Block-wise versus pixelwise/locality preservation: Tension between computational efficiency (favoring blockwise summarization) and spatial consistency (preserved under sliding window/pixelwise schemes).
Generalization to additional modalities: Applications in dense prediction for biomedical, spatio-temporal, and geospatial data, as well as video, text, and large-scale relational graphs.
Parameter sharing/factorization strategies: Further reduction in model size via tied weights across heads/layers, particularly in heavily locality-biased models (Pande et al., 2020).
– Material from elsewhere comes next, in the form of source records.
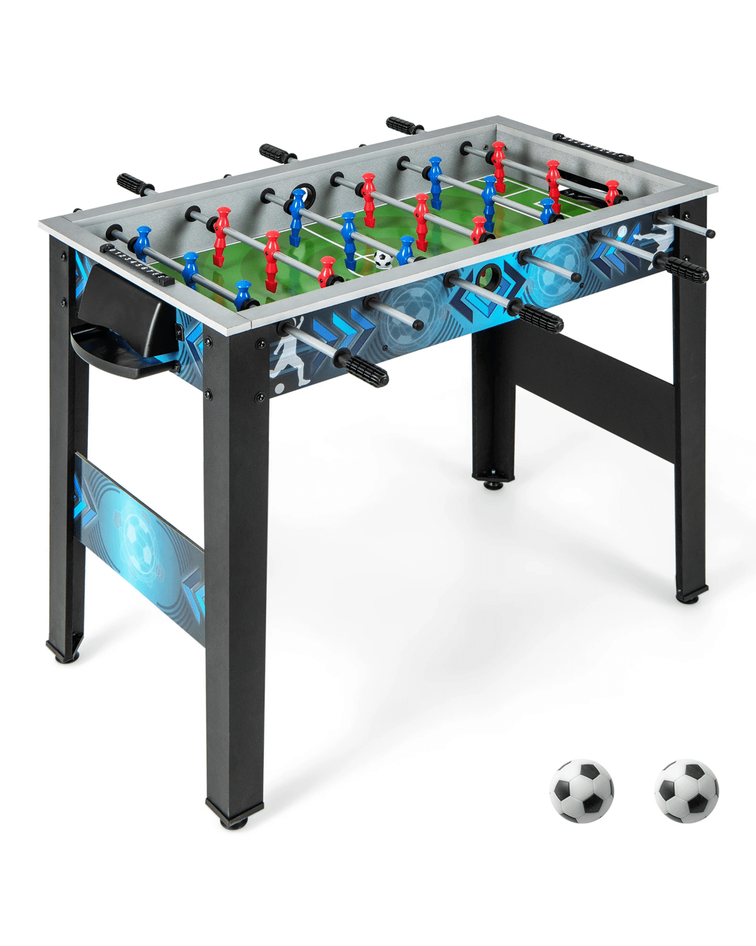 Looking for a thrilling foosball experience? This high-quality table delivers. With its cool pattern design, colorful soccer players, and realistic field, every detail is crafted for an authentic gaming experience. You'll feel like you're right on the field with friends and family. But it's not just about the fun - it's also easy to use. The comfortable grip handle ensures smooth control, while the non-slip design enhances precision. The adjustable leg leveler allows for easy height adjustment and stability on any surface. Besides, this foosball table is perfect for parties, family activities, or friendly office competitions. It offers endless fun and bonding opportunities. Additionally, the 4 supportive legs and non-slip footpads keep it steady during intense gameplay. Plus, the clear score counter and convenient goal box add excitement to each match. It's the perfect opportunity for family interaction and quality time together.
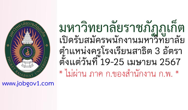 มหาวิทยาลัยราชภัฏภูเก็ต รับสมัครพนักงานมหาวิทยาลัย ตำแหน่งครูโรงเรียนสาธิต 3 อัตรา ตั้งแต่วันที่ 19-25 เมษายน 2567
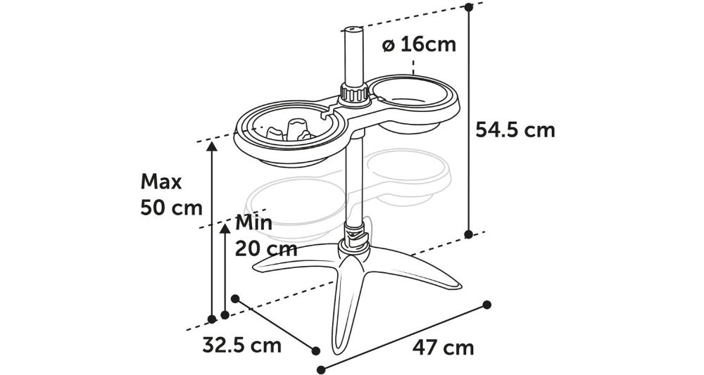 S praktickým stojanem se dvěma miskami SUVI budete mít jídlo a vodu pro svého psa vždy na jednom místě. Díky gumovým nožkám je stojan protiskluzový. Misky jsou nastavitelné až do výšky 54 cm a uchytí se pomocí rychlé svorky. Misky lze mýt v myčce. Objem misek: 600 ml a 800 ml
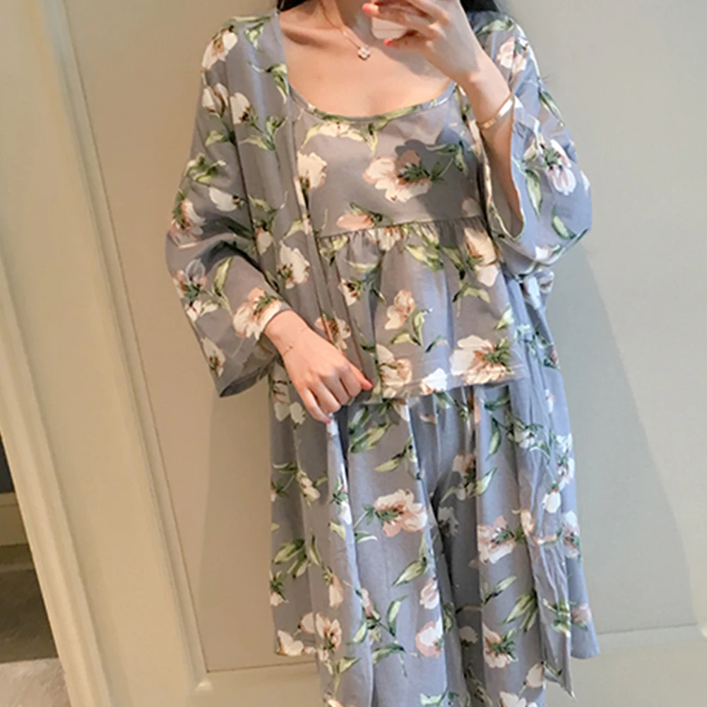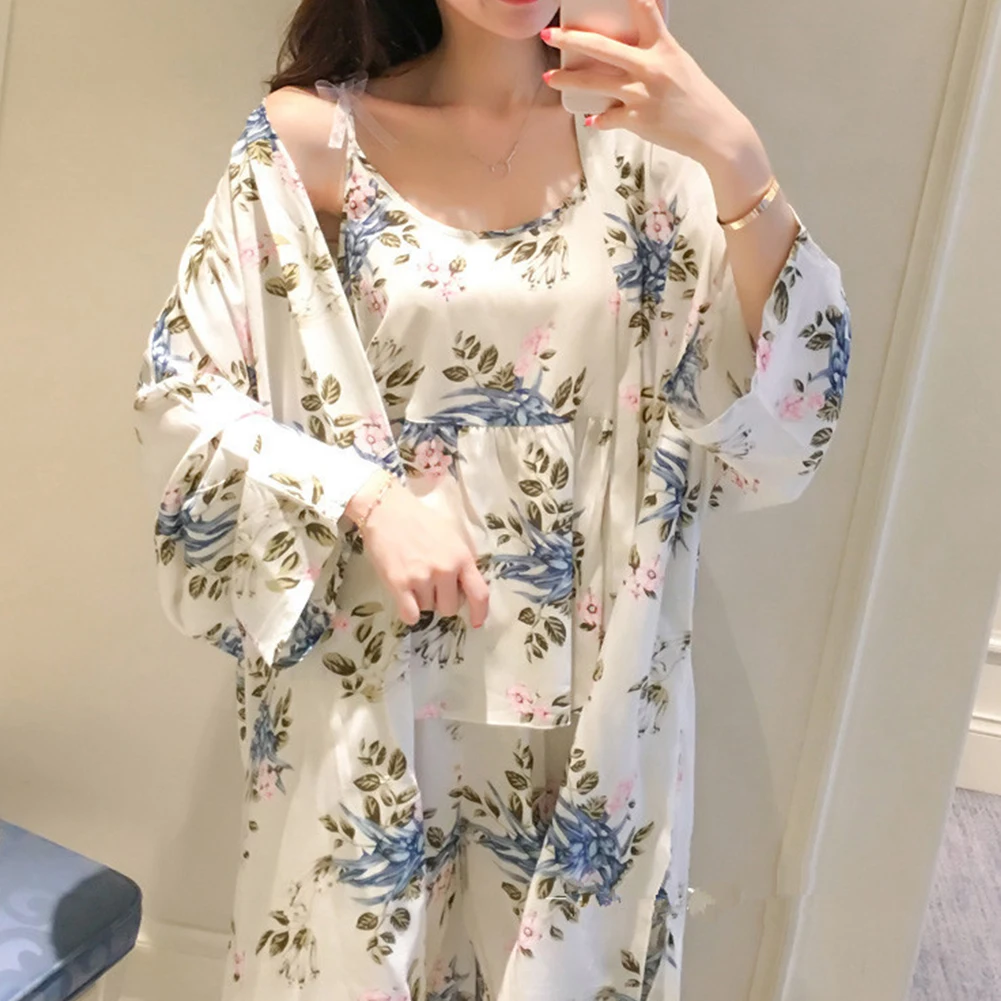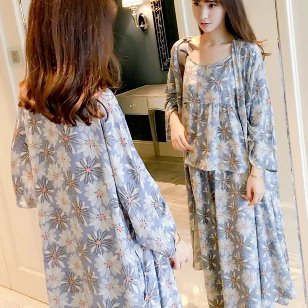 Комплект для сна Женский, из 3 предметов, Кардиган с длинным рукавом и цветочным принтом, длинные штаны, мягкий, приятный для кожи

Expressive power for graph transformers: Exploration of the border between locally sparse and globally expressive graph transformers, and how neighborhood restriction can be adapted to graph motif structure beyond simple hops (Zhou et al., 2024).

Neighborhood-restricted Transformers represent a central architectural scientific frontier, allowing efficient, locality-preserving, and expressive modeling in tasks and modalities where local context, scalability, and structure-aware representations are imperative.